Your copy should match the listing below exactly, except that it holds no images.

**The data**
______________________________
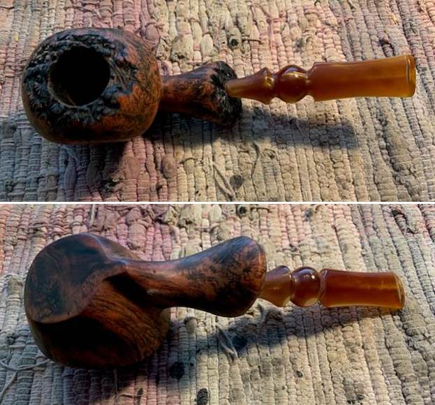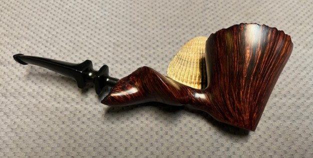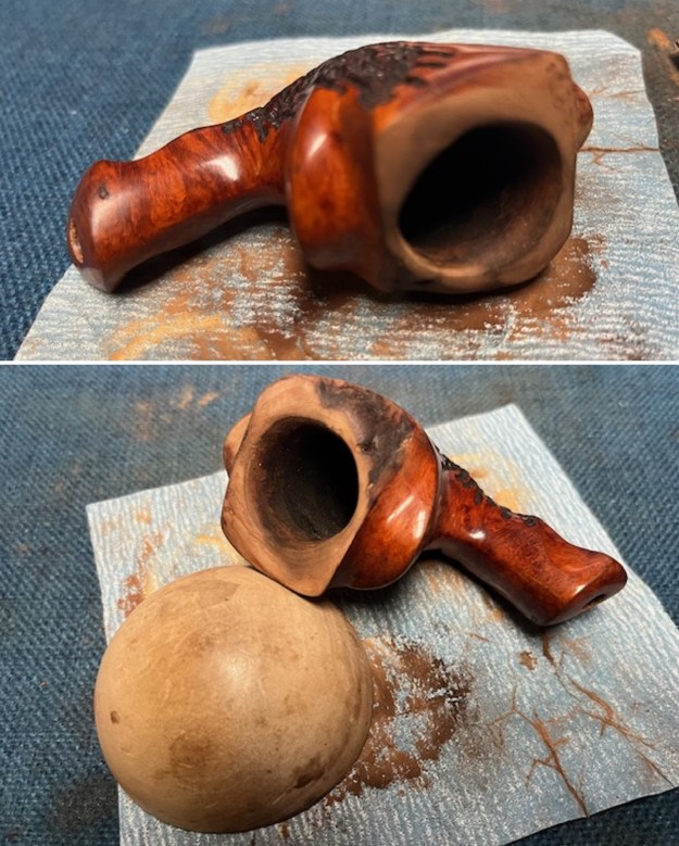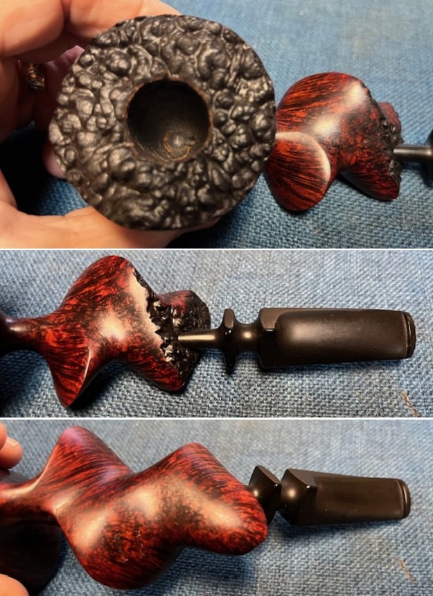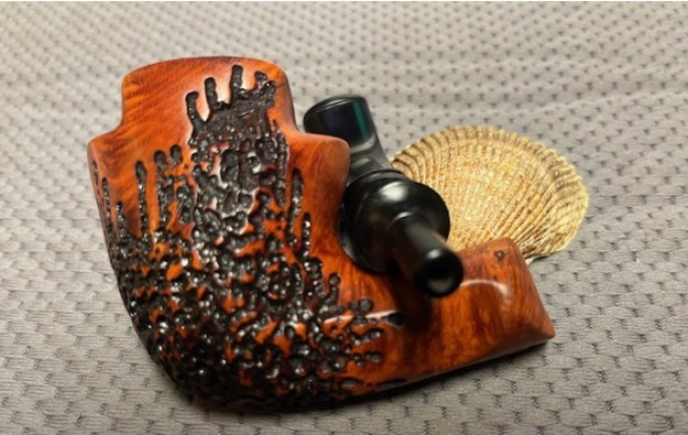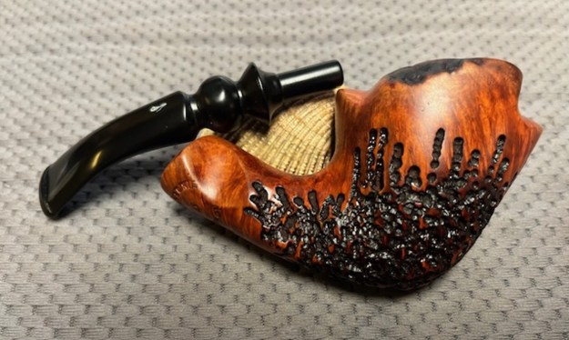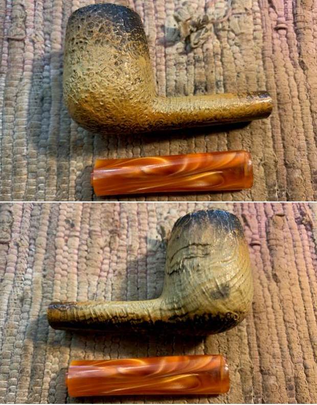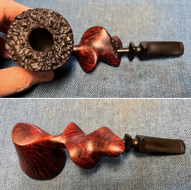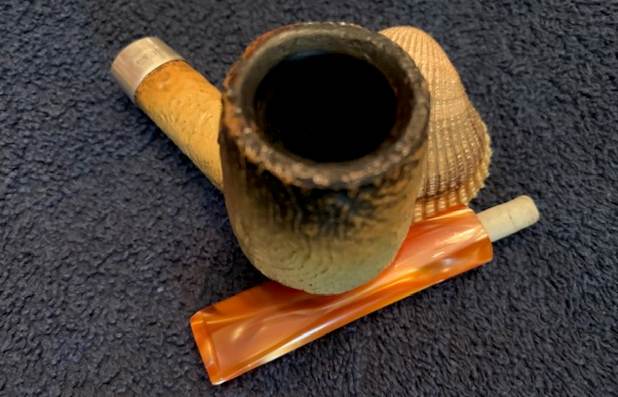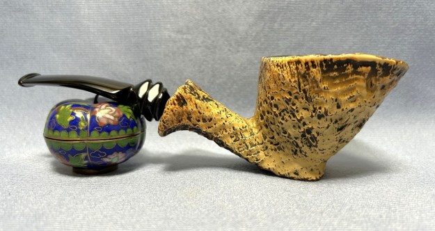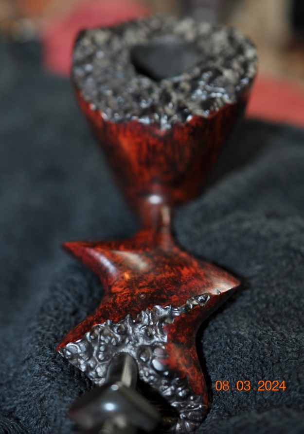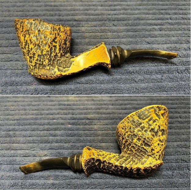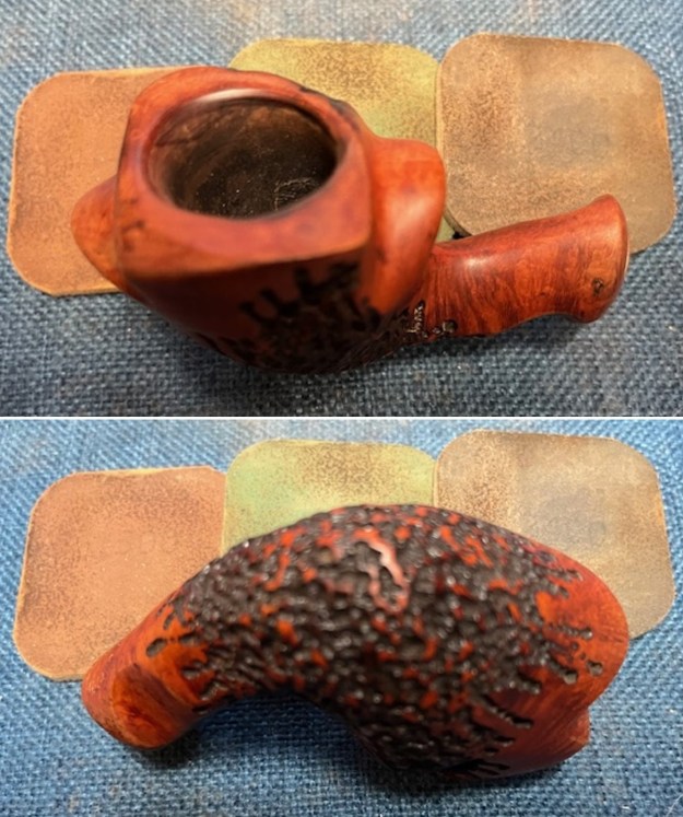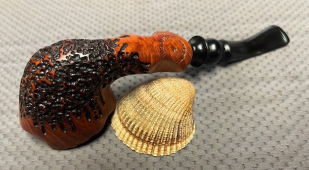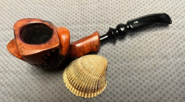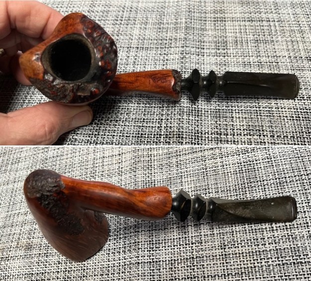 I took the pipe apart and took a photo of the pipe. It is a good looking pipe and has an interesting finish on the bowl and shank.
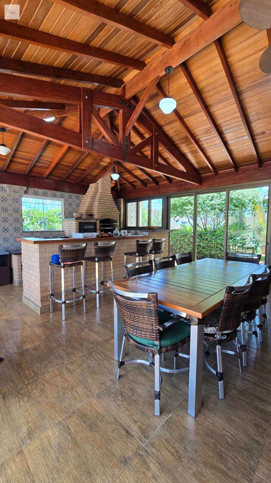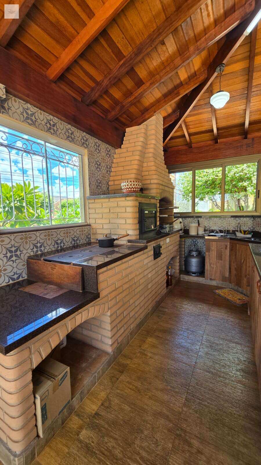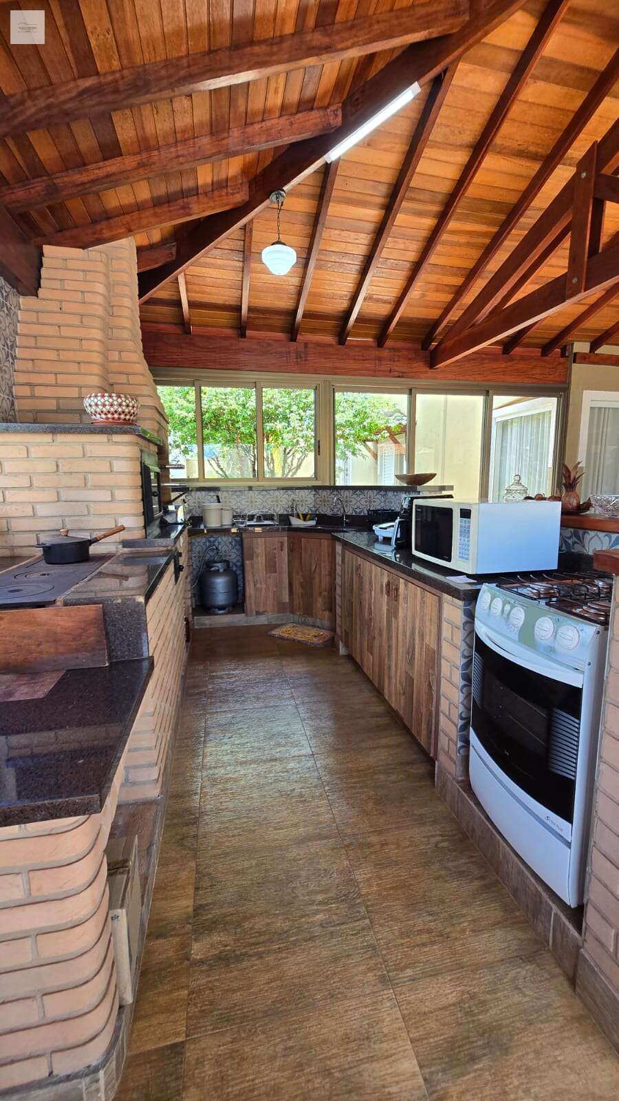 Área gourmet completa e fechada, com churrasqueira, forno e fogão a lenha
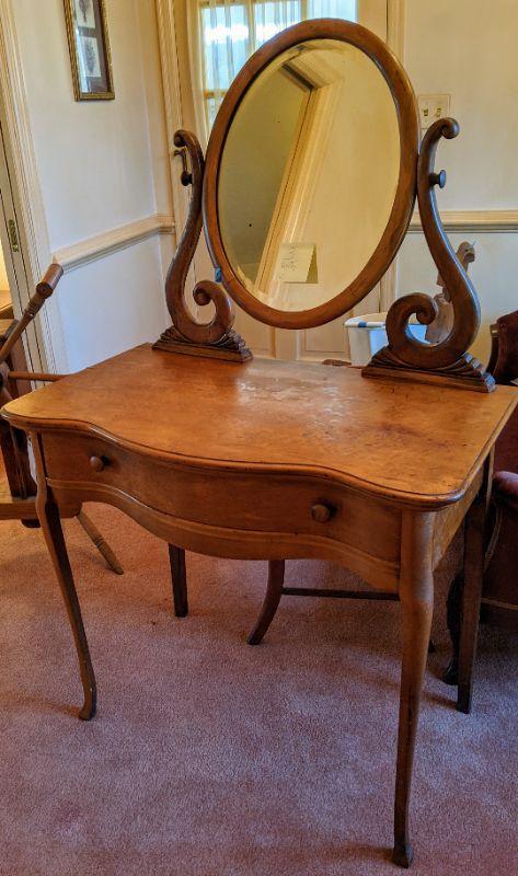 Antique Bird's eye maple vanity dressing table with beveled mirror and serpentine front (#3 R)
______________________________
**Response to the exercise**
 I took the pipe apart and took a photo of the pipe. It is a good looking pipe and has an interesting finish on the bowl and shank.
 Área gourmet completa e fechada, com churrasqueira, forno e fogão a lenha
 Antique Bird's eye maple vanity dressing table with beveled mirror and serpentine front (#3 R)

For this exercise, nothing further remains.